[Exercise input Boundary: Start]

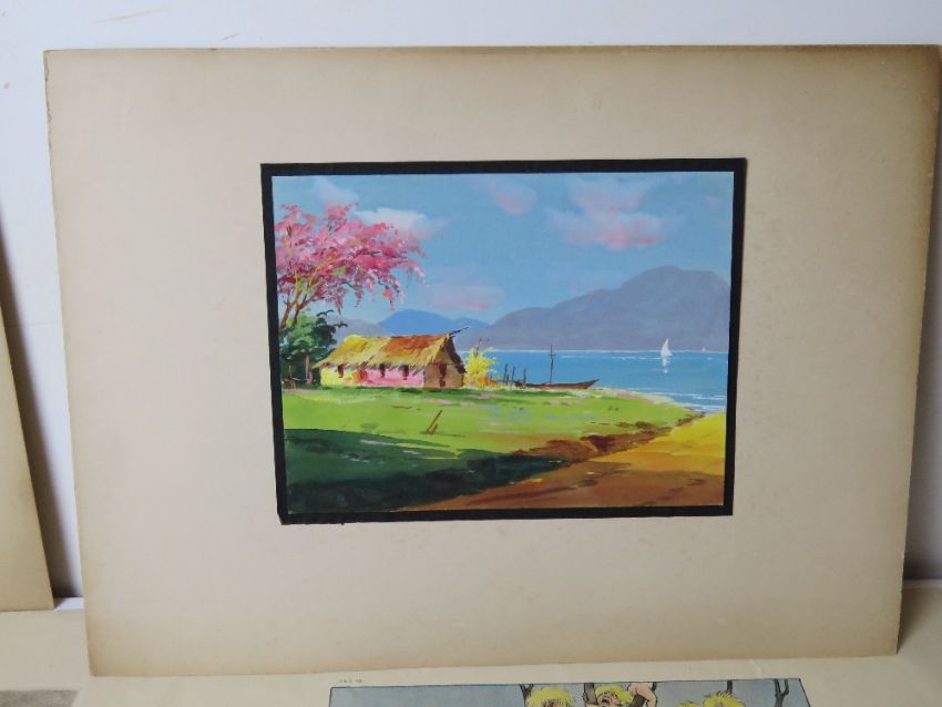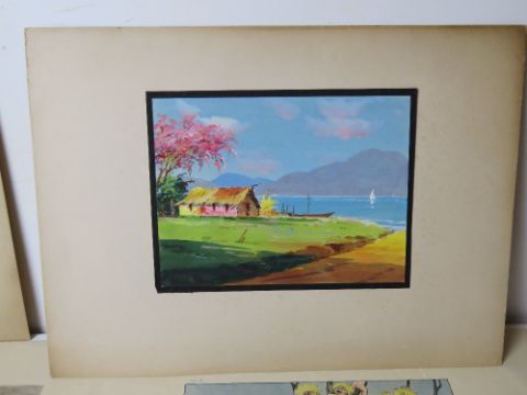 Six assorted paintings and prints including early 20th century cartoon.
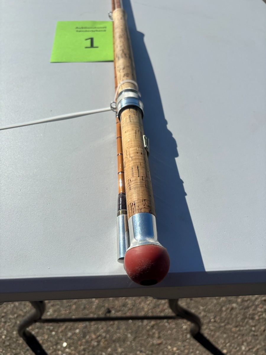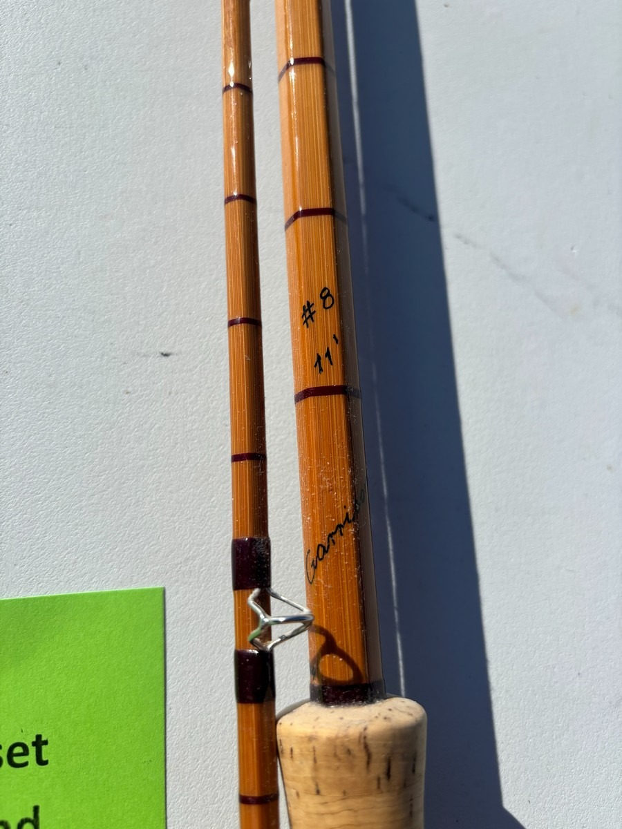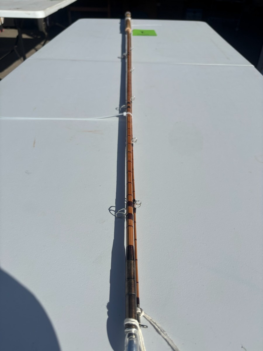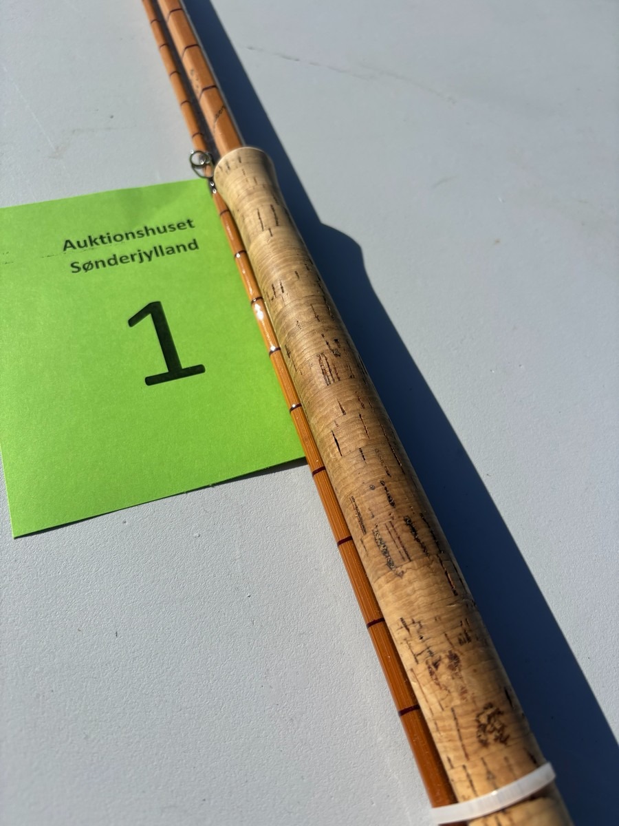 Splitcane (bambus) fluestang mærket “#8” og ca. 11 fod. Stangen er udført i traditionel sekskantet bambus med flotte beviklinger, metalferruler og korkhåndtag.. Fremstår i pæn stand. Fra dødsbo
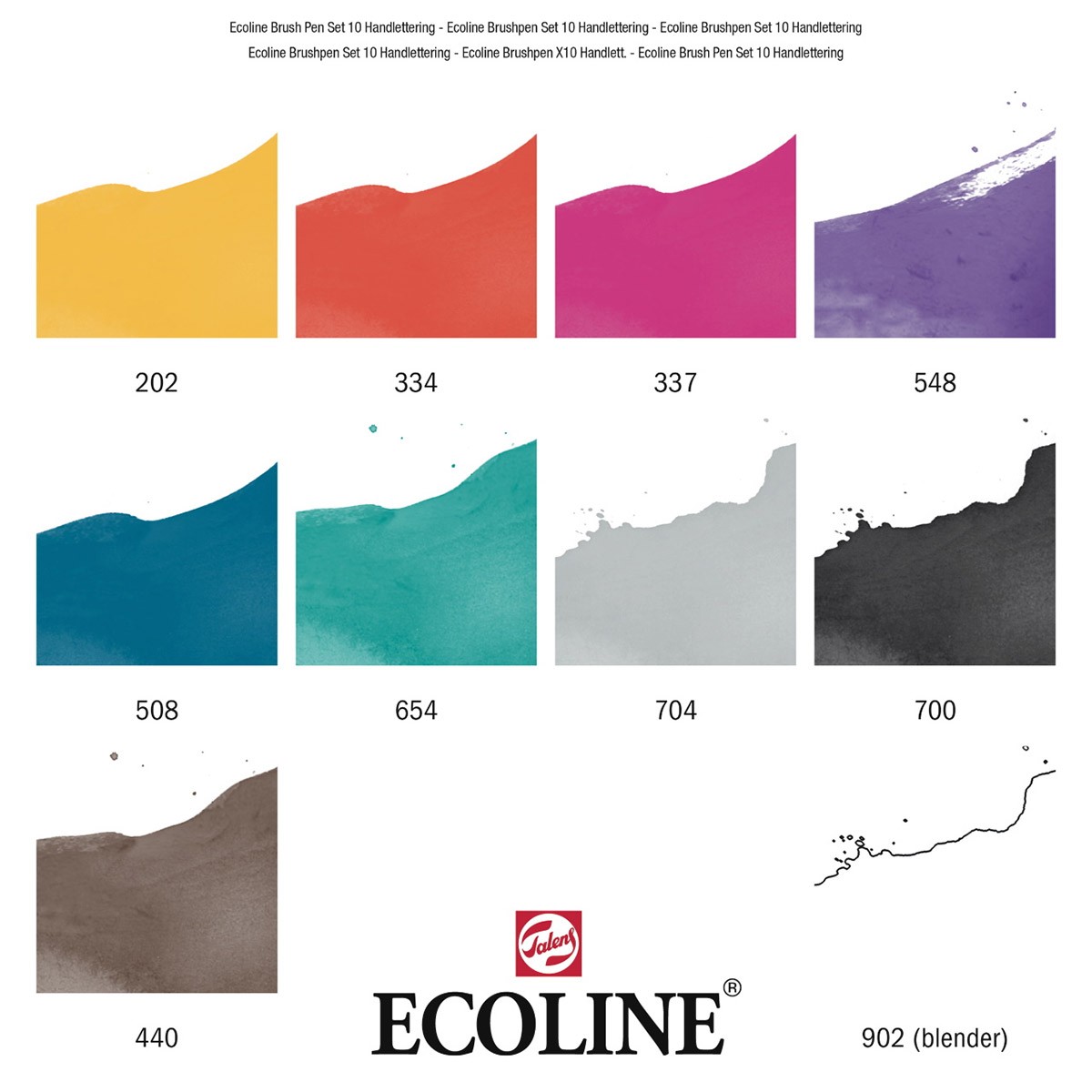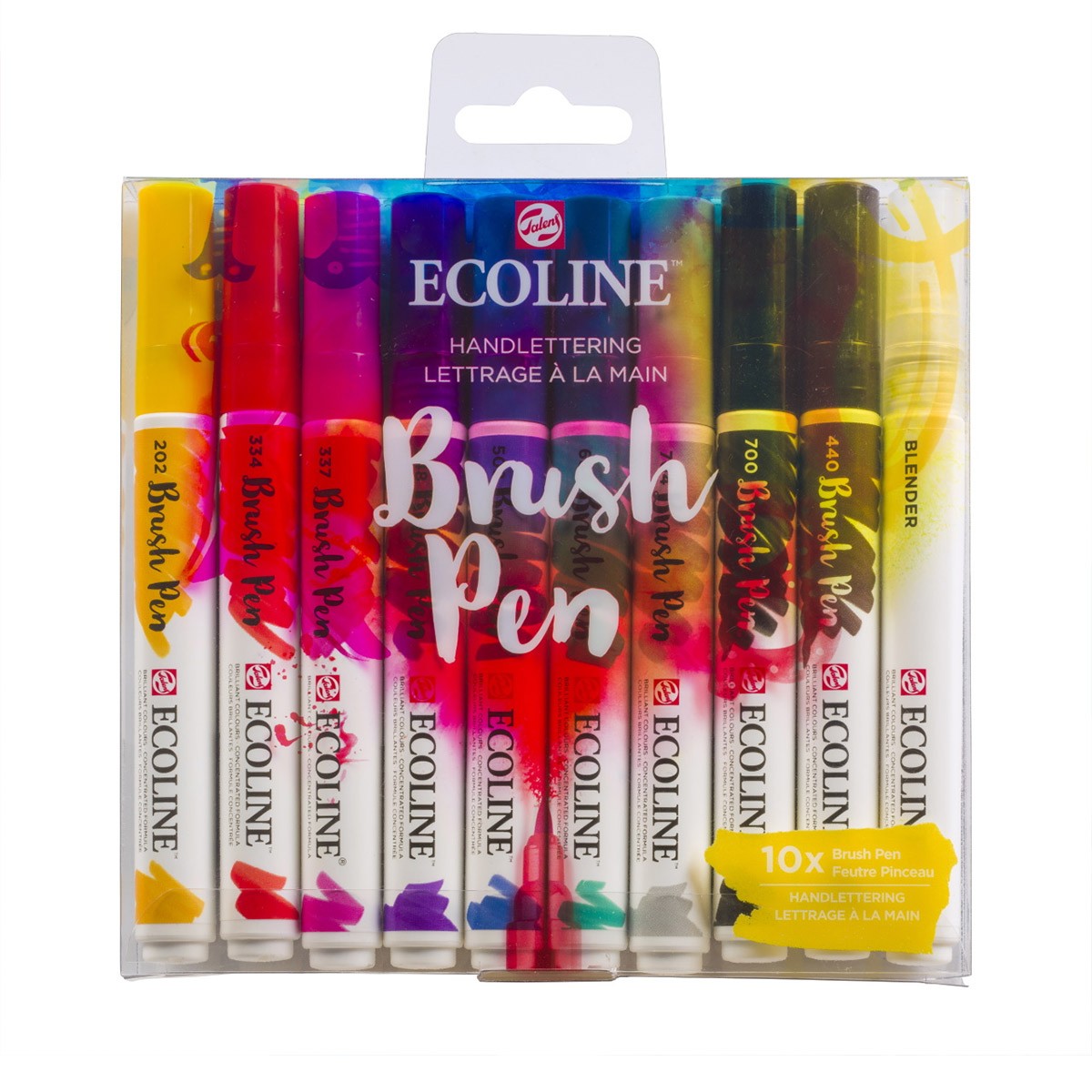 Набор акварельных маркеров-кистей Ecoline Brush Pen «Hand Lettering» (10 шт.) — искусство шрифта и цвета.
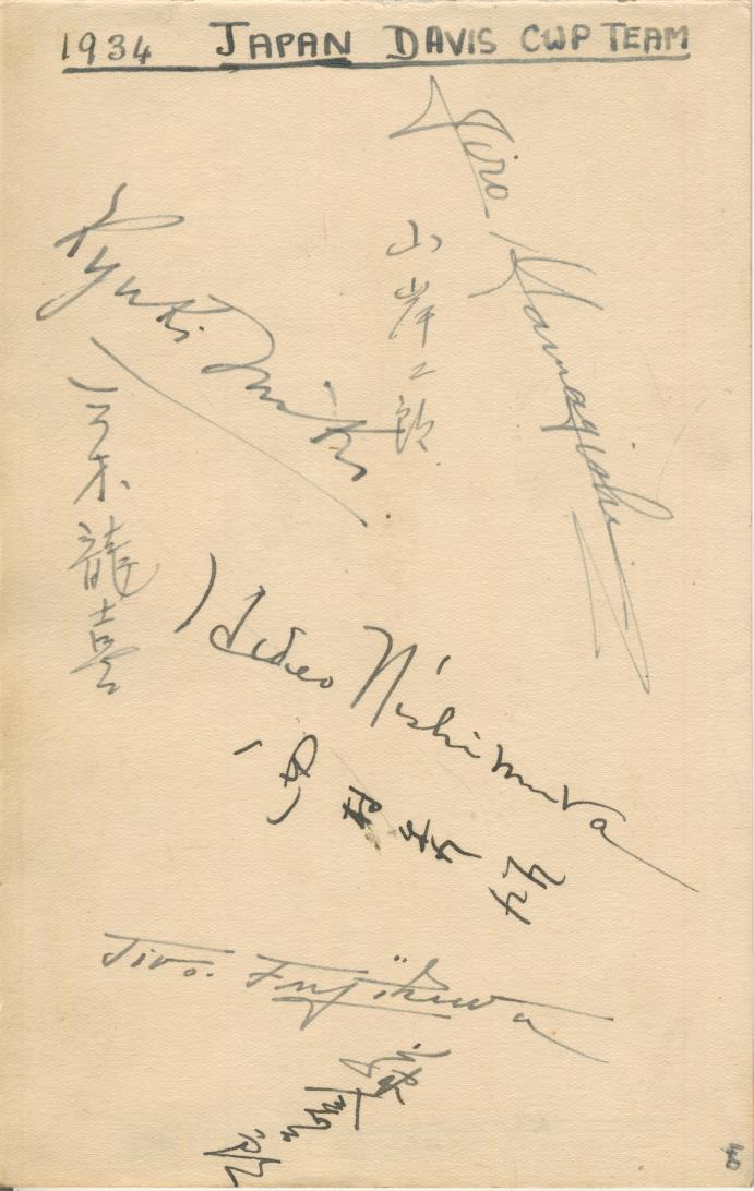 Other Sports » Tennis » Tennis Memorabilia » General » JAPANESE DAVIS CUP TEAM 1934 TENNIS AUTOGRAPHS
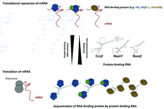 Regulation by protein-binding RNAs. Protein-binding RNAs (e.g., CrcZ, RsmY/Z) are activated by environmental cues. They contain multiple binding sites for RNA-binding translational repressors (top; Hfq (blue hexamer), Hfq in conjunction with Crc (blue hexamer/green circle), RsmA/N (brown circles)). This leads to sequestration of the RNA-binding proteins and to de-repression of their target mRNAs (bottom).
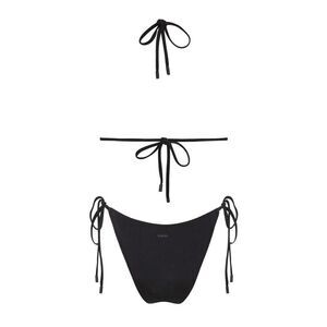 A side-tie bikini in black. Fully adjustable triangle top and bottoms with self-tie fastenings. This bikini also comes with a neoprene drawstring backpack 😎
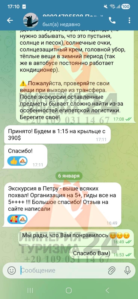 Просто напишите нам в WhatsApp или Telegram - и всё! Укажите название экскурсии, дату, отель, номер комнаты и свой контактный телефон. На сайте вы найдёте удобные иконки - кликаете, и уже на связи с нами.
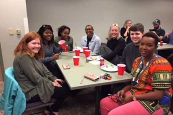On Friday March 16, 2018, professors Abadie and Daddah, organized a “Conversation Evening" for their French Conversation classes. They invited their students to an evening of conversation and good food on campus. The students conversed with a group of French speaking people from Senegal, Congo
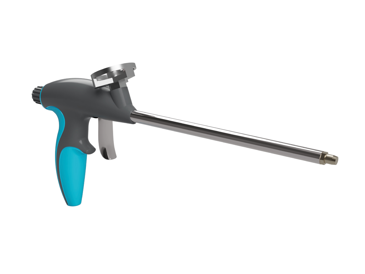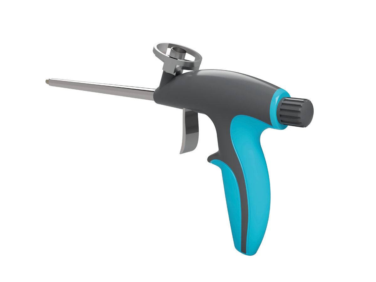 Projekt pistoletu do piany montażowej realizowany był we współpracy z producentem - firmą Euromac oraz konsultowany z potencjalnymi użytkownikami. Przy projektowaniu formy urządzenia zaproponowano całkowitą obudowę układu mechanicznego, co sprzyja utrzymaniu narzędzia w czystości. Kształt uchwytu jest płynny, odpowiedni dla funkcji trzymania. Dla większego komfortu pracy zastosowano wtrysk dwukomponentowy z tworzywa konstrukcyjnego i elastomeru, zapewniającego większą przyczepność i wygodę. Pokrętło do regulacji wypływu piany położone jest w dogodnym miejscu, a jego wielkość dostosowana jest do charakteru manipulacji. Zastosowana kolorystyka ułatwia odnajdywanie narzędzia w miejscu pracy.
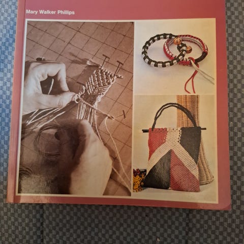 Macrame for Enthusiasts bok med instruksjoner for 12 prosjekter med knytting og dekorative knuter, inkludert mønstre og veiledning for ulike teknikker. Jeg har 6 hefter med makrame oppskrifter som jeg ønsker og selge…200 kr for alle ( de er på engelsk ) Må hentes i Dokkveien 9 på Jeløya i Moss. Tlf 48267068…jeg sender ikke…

[Exercise input Boundary: End]

Task objective =
With the pictures omitted, copy the entries above exactly from the line containing "On Friday March" through the line containing "Projekt pistoletu do", both lines included.

Output for this task =
On Friday March 16, 2018, professors Abadie and Daddah, organized a “Conversation Evening" for their French Conversation classes. They invited their students to an evening of conversation and good food on campus. The students conversed with a group of French speaking people from Senegal, Congo
 Projekt pistoletu do piany montażowej realizowany był we współpracy z producentem - firmą Euromac oraz konsultowany z potencjalnymi użytkownikami. Przy projektowaniu formy urządzenia zaproponowano całkowitą obudowę układu mechanicznego, co sprzyja utrzymaniu narzędzia w czystości. Kształt uchwytu jest płynny, odpowiedni dla funkcji trzymania. Dla większego komfortu pracy zastosowano wtrysk dwukomponentowy z tworzywa konstrukcyjnego i elastomeru, zapewniającego większą przyczepność i wygodę. Pokrętło do regulacji wypływu piany położone jest w dogodnym miejscu, a jego wielkość dostosowana jest do charakteru manipulacji. Zastosowana kolorystyka ułatwia odnajdywanie narzędzia w miejscu pracy.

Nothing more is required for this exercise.